**DATASET CONTENT:**
● ● ●

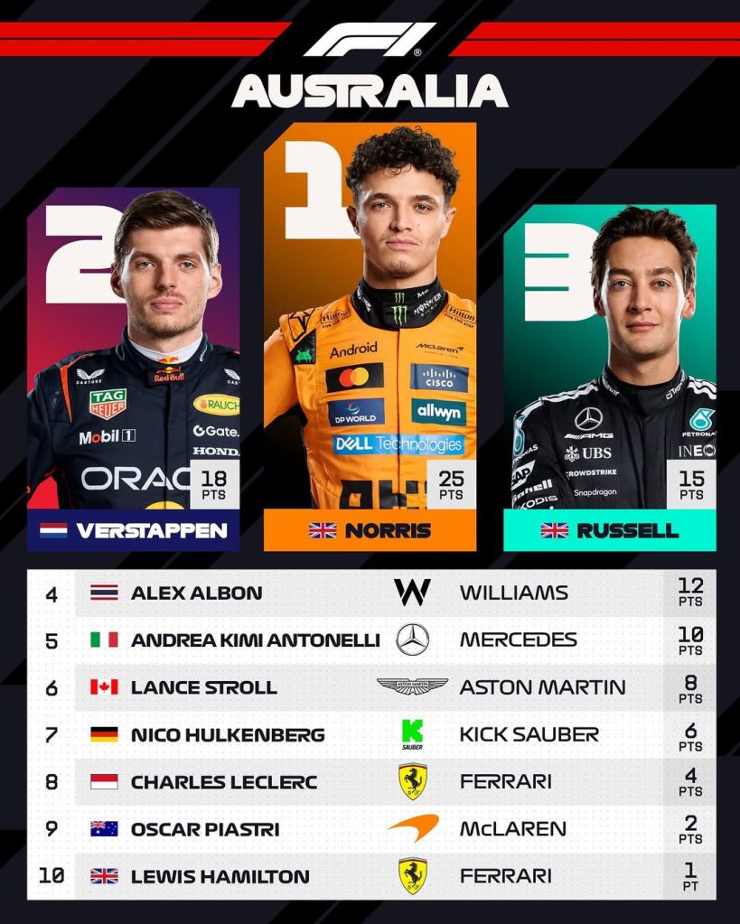 Num GP, em que quase todos os estreantes rodaram e saíram da prova, Kimi Antonelli, conseguiu chegar em 4º, sendo o melhor entre os vários novatos. Chegou a ser punido e ficar em quinto, mas depois a FIA anulou a punição e ele terminou em um incrível 4º Lugar em sua primeira corrida de Fórmula 1 com apenas 18 anos.
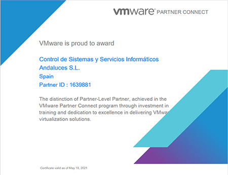 VMware concede a Controlsys, proveedor de sistemas y servicios informáticos profesionales para empresas, el reconocimiento Hyper Converged Infrastructure (HCI), competencia que nos acredita como partners avanzados en este tipo de soluciones de hiperconvergencia vSAN.
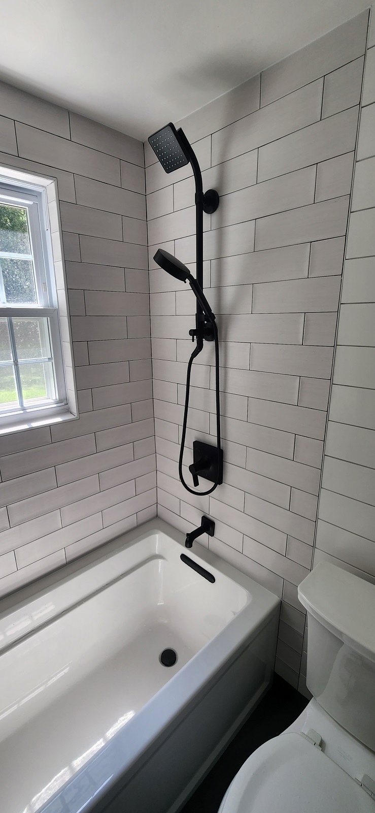 Black shower trim om white tile looks classic.

● ● ●

**WHAT TO WORK ON:** The required response consists solely of the lines from the line containing "VMware concede a" through the end of the listing, both ends included, copied exactly without pictures.

**ANSWER SECTION:**
 VMware concede a Controlsys, proveedor de sistemas y servicios informáticos profesionales para empresas, el reconocimiento Hyper Converged Infrastructure (HCI), competencia que nos acredita como partners avanzados en este tipo de soluciones de hiperconvergencia vSAN.
 Black shower trim om white tile looks classic.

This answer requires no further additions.